Instructions to follow |
Transcribe the entries below exactly, starting with the line that has "A shocking visuals" and stopping after the line that has "Place the frozen"; no pictures belong in the copy.
Record excerpts: Begin
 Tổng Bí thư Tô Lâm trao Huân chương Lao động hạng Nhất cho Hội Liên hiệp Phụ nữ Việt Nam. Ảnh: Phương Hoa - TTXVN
Record excerpts: End
Record excerpts: Begin
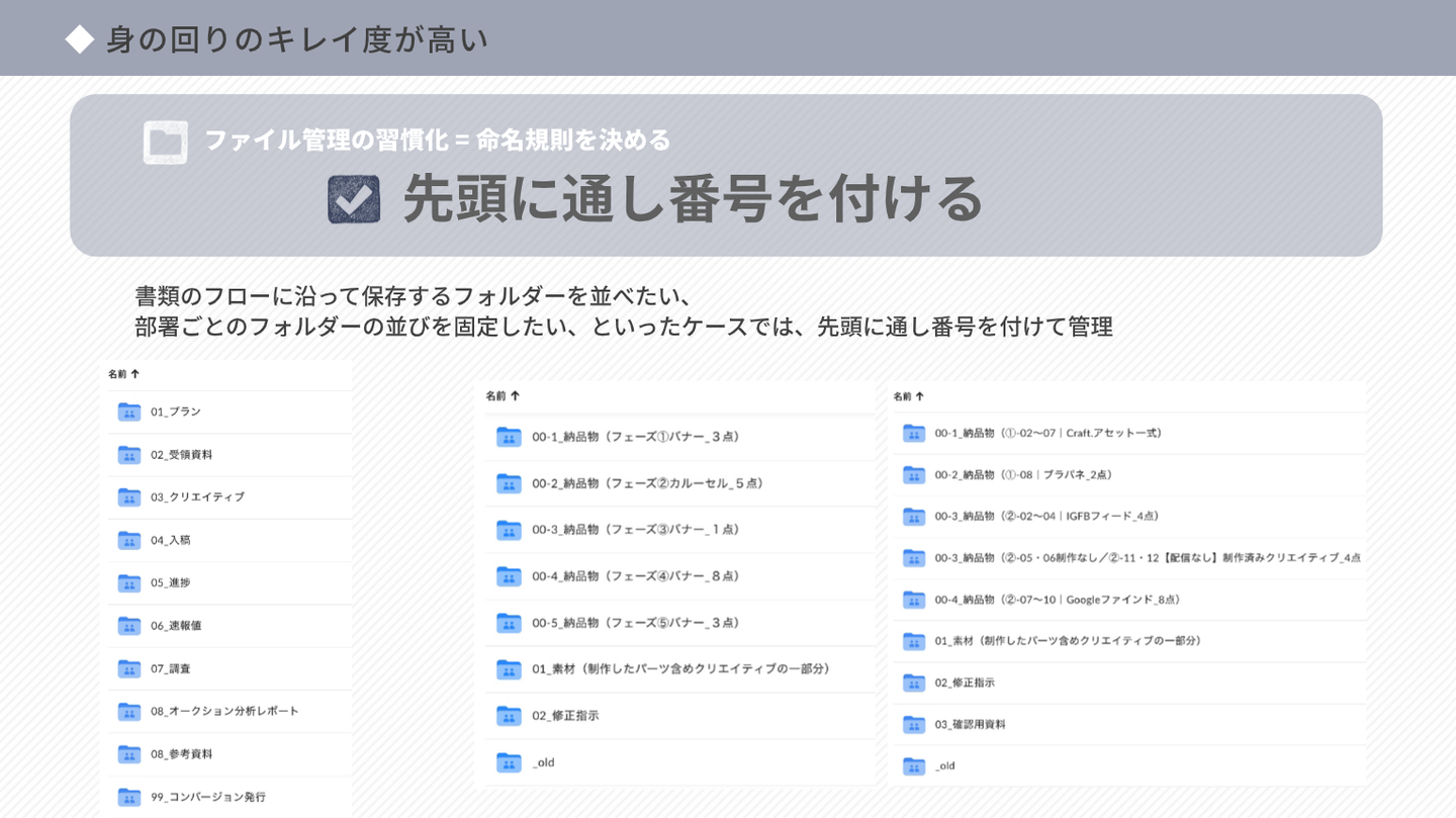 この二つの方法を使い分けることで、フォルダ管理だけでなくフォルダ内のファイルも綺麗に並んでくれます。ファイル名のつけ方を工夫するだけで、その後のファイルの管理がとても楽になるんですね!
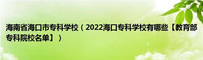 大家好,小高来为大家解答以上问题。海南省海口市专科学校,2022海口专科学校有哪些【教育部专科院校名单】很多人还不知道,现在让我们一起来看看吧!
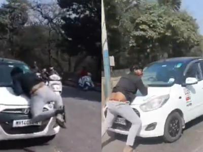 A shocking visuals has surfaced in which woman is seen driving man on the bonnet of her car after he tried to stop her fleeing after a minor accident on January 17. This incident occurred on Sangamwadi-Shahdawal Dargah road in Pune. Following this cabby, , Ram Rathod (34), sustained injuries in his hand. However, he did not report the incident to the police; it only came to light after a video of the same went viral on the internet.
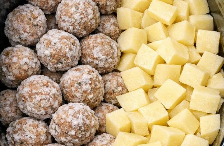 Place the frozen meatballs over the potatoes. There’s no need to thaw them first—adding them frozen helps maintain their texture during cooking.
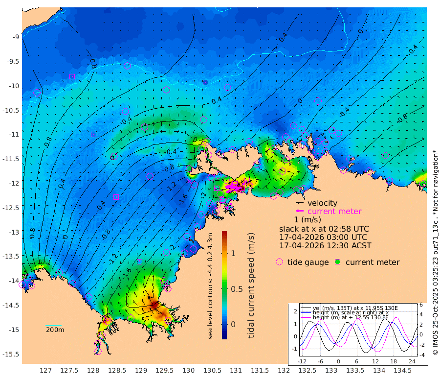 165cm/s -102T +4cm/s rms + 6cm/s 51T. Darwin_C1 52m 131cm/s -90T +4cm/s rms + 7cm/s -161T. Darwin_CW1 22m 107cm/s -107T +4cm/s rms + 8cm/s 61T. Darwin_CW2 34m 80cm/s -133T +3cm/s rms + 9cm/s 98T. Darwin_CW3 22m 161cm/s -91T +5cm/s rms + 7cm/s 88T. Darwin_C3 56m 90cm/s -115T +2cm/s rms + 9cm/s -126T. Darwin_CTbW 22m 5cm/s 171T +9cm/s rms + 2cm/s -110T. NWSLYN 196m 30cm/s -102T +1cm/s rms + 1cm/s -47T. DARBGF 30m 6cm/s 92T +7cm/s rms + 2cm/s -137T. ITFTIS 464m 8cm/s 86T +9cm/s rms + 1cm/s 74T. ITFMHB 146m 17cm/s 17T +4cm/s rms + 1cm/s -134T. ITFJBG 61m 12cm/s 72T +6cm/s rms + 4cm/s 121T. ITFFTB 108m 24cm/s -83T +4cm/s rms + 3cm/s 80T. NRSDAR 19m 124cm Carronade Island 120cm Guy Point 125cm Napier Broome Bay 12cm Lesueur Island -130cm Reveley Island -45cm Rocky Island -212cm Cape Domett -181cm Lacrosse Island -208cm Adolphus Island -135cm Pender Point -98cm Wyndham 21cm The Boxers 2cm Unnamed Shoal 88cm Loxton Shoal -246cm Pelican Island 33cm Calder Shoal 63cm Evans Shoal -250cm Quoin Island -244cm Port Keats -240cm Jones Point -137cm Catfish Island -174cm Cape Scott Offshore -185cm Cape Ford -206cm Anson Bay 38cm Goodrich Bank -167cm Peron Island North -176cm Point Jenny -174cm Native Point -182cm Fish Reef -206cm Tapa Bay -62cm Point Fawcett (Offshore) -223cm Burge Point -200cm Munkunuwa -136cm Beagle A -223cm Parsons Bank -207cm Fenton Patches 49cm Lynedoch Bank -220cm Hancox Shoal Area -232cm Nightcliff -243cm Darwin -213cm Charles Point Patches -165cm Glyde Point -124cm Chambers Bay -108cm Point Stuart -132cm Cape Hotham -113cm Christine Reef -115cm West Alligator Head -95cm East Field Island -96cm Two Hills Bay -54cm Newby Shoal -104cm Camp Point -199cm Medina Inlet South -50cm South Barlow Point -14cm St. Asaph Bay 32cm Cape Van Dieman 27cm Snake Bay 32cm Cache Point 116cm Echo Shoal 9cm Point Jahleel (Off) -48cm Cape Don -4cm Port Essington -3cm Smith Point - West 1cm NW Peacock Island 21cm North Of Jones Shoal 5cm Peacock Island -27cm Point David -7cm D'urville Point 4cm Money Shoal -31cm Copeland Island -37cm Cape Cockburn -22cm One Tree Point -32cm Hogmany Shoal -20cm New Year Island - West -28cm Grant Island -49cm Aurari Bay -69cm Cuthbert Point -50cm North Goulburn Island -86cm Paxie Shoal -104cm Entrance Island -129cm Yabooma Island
Record excerpts: End
Record excerpts: Begin
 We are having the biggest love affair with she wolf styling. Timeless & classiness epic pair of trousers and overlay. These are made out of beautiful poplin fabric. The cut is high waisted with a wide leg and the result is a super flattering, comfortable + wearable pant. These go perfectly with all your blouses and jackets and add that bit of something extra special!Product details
Record excerpts: End
Finished exercise |
 A shocking visuals has surfaced in which woman is seen driving man on the bonnet of her car after he tried to stop her fleeing after a minor accident on January 17. This incident occurred on Sangamwadi-Shahdawal Dargah road in Pune. Following this cabby, , Ram Rathod (34), sustained injuries in his hand. However, he did not report the incident to the police; it only came to light after a video of the same went viral on the internet.
 Place the frozen meatballs over the potatoes. There’s no need to thaw them first—adding them frozen helps maintain their texture during cooking.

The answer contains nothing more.